▶ Input data:
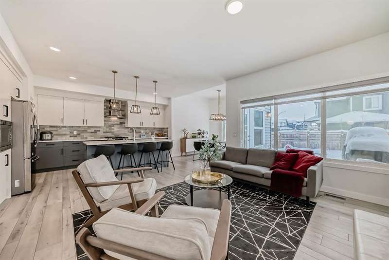 Welcome to this STUNNING HOME in Calgary’s master-planned communitY in Pine Creek, a neighborhood like no other. With more than half of the community preserved as environmental reserve, this neighbourhood offers BREATHTAKING SOUTHERN Alberta VIEWS and tranquil natural surroundings. This HUMBLE ABODE HAS Centralized A/C and has total finished area of 2,860.8 square feet, MAIN LEVEL HAS 9’ CEILINGS, TRIPLE PANE WINDOWS and DURABLE VINYL PLANK FLOORS .ALL are harmoniously paired with stylish designer details and neutral hues. The open-to-above entrance TRULY creates a grand first impression, setting the tone for the elegance throughout. The kitchen is a culinary haven, featuring FULL HEIGHT RICH CABINETRY , ELEGANT STONE COUNTERTOPS, and an OVERSIZED breakfast bar island. It also includes an UPGRADED BACKSPLASH + SOFT- CLOSE cabinets, and a SPACIOUS WALK-THROUGH PANTRY for effortless grocery unloading. The inviting living room centers around a sleek fireplace, creating a cozy atmosphere, while the dining area encased in windows provides a breathtaking setting for meals and gatherings. A conveniently located den near the entrance offers a quiet and functional workspace. Upstairs, the bonus room is perfect for family movie nights or game days. This level also features a laundry room and three spacious bedrooms, including the primary suite, a luxurious retreat complete with a relaxing sitting area. The 5-pc ensuite is a haven of comfort with DUAL SINKS, a DEEP SOAKER TUB, and a separate shower. The FULLY FINISHED BASEMENT features a den, additional bedroom, a spacious games room, complete with a 4-pc bathroom for guests to enjoy. The OVERSIZED DOUBLE ATTACHED GARAGE complements the home’s elegant architecture, adding to its impressive curb appeal (WITH SHELVES INSIDE THE GARAGE). THE FRONT AND BACKYARD ARE PROFESSIONALLY LANDSCAPED. Situated in an unbeatable location, this exceptional property offers the perfect balance of luxury, comfort, and convenience. AMENITIES IN MINUTES: CLOSE to shopping, groceries, parks, banks and schools. Don't miss the opportunity to make it yours! BOOK YOUR SHOWING NOW!!!
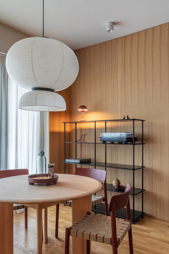 Zona de dining, poziționată în legătură directă cu livingul și bucătăria, devine centrul de gravitație al locuinței: un spațiu fluid, deschis și convivial. Biblioteca încastrată din living este evidențiată printr-un scenariu de iluminat atent studiat: spoturi orientabile și lumini ambientale care conferă apartamentului o atmosferă caldă și rafinată .
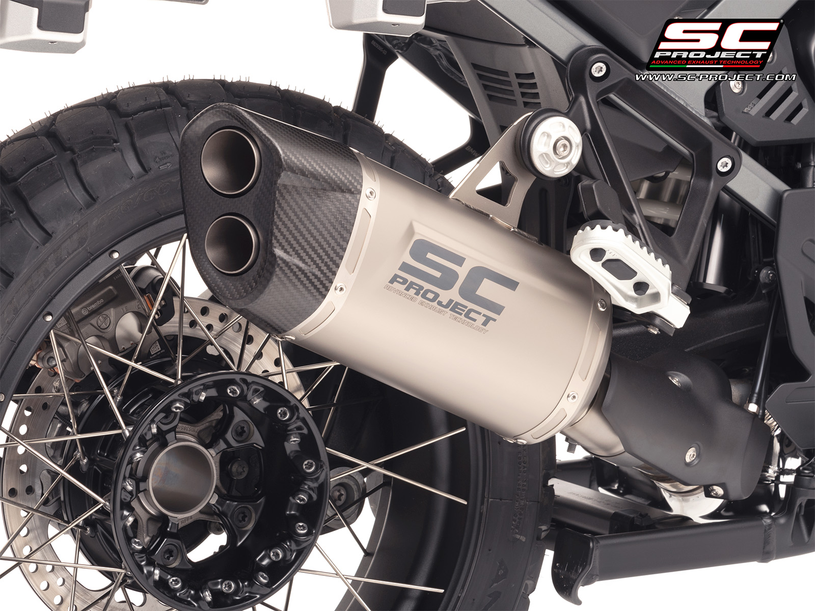 Deze Uitlaat Adventure-R Titanium in de kleur Zilver van SC-Project is een topkwaliteit product, perfect passend op de BMW R1300GS Adventure (Koffer compatibel) 2025.
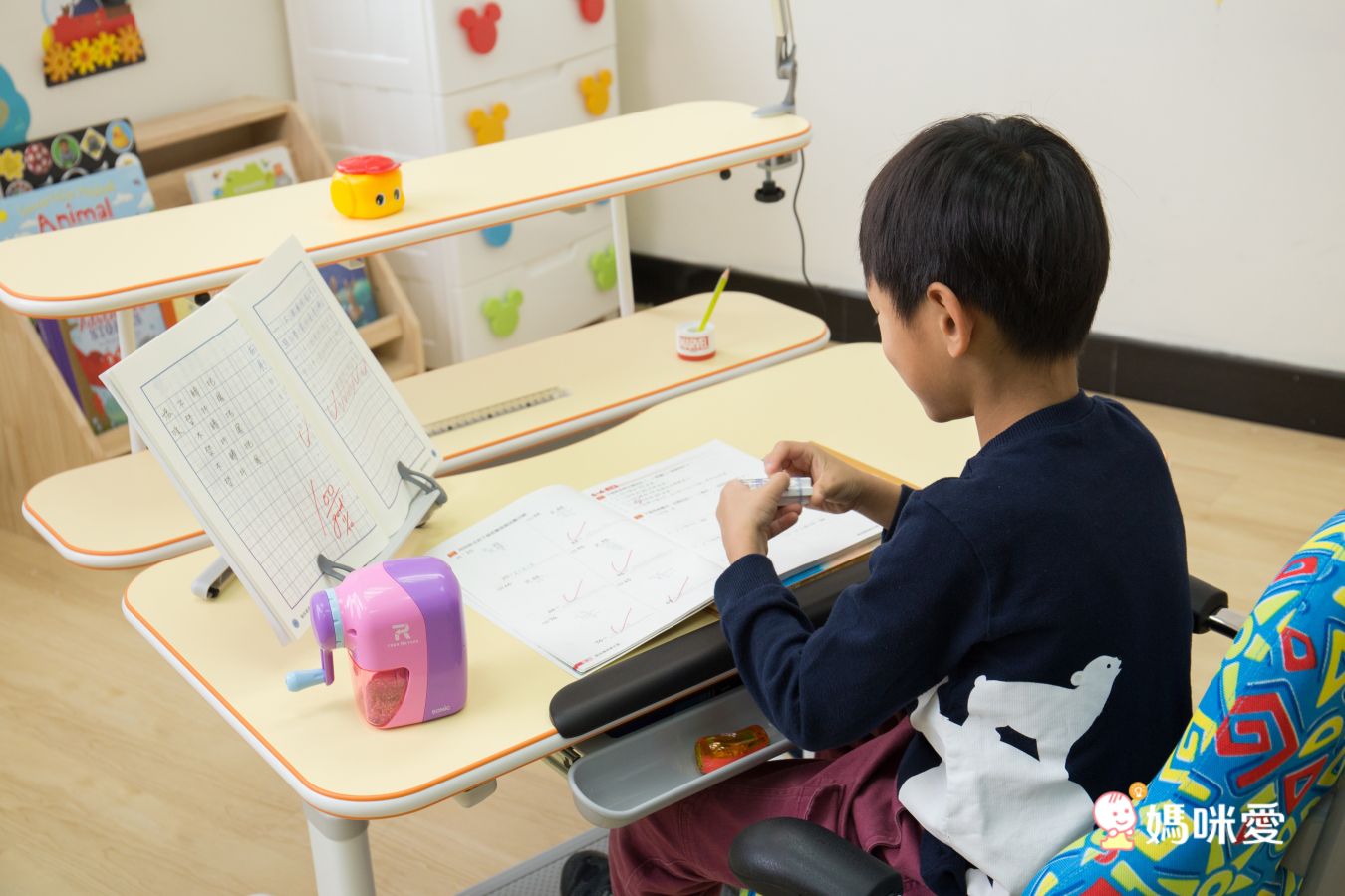 雖然還沒開始唸小學,但要用到桌子的機率也不小,孩子看書、畫畫、玩玩具都可以在桌子上進行,一方面也是提早讓孩子的姿勢能夠盡量端正喔!
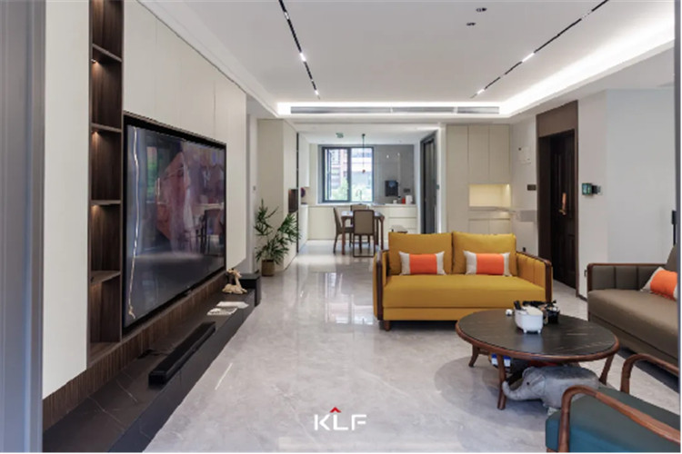 细网格板的外观墙身装饰板为墙身展现出了平面设计感,只字型深灰地柜外源性着地,嵌入3D雾化吸入暖炉,带来家大多舒心。
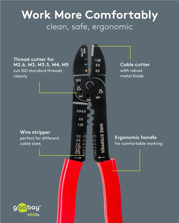 - The robust metal blade ensures that the wire cutter cleanly cuts through wires and cables up to 6.0 mm² thick
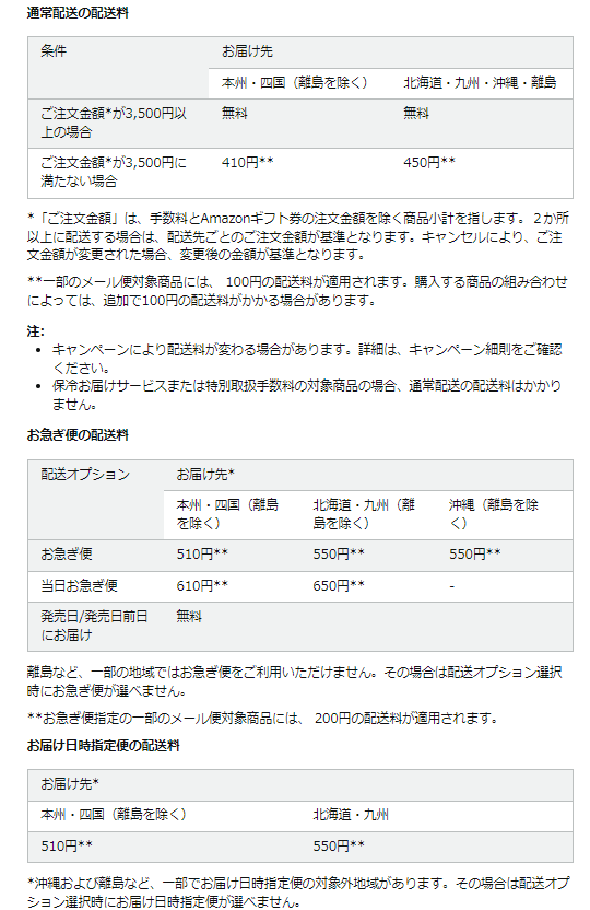 なお通常の配送料やお急ぎ便での配送料は下記のとおりです。

▶ Your task: Please copy only the lines from the one that contains "- The robust" through the last line of the records, exactly, and keep every picture out of the copy.

▶ Exercise solution:
 - The robust metal blade ensures that the wire cutter cleanly cuts through wires and cables up to 6.0 mm² thick
 なお通常の配送料やお急ぎ便での配送料は下記のとおりです。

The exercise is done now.